BEGIN Dataset extract
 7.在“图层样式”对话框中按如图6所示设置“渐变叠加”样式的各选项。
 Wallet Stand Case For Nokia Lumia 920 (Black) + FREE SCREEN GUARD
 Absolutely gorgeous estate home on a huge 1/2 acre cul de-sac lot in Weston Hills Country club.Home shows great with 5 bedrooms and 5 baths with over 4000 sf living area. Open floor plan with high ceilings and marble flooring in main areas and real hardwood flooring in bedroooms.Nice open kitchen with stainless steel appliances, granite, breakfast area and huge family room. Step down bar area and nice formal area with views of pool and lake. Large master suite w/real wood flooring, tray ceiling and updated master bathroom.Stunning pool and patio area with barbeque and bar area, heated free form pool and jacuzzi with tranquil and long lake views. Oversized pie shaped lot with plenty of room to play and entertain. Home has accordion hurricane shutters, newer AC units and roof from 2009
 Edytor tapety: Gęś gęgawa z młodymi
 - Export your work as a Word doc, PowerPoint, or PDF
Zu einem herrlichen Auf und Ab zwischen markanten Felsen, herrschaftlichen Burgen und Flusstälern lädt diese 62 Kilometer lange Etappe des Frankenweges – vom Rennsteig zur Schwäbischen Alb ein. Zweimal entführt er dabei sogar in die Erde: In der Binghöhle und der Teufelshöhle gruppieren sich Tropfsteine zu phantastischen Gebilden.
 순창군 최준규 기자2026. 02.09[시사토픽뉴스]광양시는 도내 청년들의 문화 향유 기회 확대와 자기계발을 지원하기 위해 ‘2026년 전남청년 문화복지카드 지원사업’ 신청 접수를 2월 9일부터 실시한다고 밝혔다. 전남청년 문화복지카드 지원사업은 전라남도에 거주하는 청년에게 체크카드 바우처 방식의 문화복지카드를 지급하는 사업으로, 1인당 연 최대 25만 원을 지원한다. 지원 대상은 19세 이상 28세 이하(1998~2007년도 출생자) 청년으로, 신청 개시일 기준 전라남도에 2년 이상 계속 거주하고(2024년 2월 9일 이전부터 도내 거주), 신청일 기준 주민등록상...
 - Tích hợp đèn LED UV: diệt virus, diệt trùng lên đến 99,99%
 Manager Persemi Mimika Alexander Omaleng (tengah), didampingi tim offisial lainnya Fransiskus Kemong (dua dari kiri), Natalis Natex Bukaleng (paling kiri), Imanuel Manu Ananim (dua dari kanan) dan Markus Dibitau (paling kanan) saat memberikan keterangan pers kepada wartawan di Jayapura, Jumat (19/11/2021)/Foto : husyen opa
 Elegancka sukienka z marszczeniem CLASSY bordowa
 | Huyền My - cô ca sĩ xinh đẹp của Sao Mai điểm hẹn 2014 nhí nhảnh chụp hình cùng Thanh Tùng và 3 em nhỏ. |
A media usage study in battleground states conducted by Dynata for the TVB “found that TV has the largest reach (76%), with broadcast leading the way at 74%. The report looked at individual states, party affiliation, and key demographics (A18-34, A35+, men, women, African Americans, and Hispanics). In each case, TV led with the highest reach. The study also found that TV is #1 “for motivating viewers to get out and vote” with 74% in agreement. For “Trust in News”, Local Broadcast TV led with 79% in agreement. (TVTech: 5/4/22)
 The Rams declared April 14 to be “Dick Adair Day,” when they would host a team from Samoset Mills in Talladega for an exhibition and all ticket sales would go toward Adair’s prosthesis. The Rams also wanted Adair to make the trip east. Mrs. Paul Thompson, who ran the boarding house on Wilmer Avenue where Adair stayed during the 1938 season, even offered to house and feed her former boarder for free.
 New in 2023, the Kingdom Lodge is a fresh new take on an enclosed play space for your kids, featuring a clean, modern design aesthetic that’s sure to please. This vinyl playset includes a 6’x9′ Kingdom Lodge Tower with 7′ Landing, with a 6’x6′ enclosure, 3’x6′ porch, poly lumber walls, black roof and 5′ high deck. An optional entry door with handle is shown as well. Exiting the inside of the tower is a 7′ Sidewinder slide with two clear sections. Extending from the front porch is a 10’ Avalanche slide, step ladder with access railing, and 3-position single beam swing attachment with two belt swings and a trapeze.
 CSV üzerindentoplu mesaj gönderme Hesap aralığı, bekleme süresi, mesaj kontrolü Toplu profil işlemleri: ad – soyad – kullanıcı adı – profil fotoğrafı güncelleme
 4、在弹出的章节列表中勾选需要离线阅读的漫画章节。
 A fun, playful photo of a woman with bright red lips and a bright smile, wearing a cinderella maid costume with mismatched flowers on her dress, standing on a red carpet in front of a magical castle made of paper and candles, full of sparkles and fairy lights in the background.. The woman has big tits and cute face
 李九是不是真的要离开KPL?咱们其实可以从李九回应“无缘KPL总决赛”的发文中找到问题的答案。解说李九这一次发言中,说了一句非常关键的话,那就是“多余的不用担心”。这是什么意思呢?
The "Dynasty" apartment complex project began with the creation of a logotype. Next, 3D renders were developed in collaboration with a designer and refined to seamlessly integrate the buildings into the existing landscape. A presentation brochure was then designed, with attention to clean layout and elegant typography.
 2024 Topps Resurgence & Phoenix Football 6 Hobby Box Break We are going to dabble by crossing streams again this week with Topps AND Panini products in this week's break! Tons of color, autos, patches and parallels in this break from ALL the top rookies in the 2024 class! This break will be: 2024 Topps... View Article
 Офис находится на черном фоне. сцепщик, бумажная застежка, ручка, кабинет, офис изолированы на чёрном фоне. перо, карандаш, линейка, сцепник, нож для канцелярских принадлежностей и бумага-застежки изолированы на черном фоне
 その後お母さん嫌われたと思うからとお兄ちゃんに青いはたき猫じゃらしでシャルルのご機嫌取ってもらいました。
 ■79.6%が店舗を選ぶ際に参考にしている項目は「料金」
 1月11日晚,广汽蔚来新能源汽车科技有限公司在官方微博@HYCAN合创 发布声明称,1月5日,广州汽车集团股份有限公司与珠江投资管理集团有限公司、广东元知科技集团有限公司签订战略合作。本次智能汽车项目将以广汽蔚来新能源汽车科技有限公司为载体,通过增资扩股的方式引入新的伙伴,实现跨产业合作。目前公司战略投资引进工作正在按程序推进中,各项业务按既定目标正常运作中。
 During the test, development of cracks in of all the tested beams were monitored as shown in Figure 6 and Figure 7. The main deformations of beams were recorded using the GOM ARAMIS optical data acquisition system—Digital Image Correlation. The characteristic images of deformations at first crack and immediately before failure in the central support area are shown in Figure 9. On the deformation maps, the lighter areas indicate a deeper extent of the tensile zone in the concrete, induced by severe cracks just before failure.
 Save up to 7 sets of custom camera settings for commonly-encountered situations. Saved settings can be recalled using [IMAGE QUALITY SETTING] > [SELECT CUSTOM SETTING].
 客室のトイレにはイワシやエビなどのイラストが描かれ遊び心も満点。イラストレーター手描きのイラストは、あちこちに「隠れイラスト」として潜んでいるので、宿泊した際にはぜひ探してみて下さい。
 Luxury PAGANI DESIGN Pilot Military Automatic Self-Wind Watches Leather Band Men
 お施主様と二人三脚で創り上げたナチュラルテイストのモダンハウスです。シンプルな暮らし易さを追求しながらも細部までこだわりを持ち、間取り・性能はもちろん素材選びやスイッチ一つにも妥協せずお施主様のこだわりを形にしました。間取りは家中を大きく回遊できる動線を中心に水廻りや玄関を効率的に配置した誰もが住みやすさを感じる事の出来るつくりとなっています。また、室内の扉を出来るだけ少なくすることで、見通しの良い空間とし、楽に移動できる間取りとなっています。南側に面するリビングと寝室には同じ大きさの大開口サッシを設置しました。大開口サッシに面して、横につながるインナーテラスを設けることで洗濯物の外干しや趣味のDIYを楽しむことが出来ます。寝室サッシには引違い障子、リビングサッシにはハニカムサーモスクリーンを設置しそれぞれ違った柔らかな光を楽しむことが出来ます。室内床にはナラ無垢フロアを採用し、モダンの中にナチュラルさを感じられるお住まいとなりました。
END Dataset extract
* _Exercise aim_: Copy word for word the stretch of entries above from the line that has "その後お母さん嫌われたと思う" through the line that has "During the test, development", both ends included, and nothing outside it.

* _Response area_:
 その後お母さん嫌われたと思うからとお兄ちゃんに青いはたき猫じゃらしでシャルルのご機嫌取ってもらいました。
 ■79.6%が店舗を選ぶ際に参考にしている項目は「料金」
 1月11日晚,广汽蔚来新能源汽车科技有限公司在官方微博@HYCAN合创 发布声明称,1月5日,广州汽车集团股份有限公司与珠江投资管理集团有限公司、广东元知科技集团有限公司签订战略合作。本次智能汽车项目将以广汽蔚来新能源汽车科技有限公司为载体,通过增资扩股的方式引入新的伙伴,实现跨产业合作。目前公司战略投资引进工作正在按程序推进中,各项业务按既定目标正常运作中。
 During the test, development of cracks in of all the tested beams were monitored as shown in Figure 6 and Figure 7. The main deformations of beams were recorded using the GOM ARAMIS optical data acquisition system—Digital Image Correlation. The characteristic images of deformations at first crack and immediately before failure in the central support area are shown in Figure 9. On the deformation maps, the lighter areas indicate a deeper extent of the tensile zone in the concrete, induced by severe cracks just before failure.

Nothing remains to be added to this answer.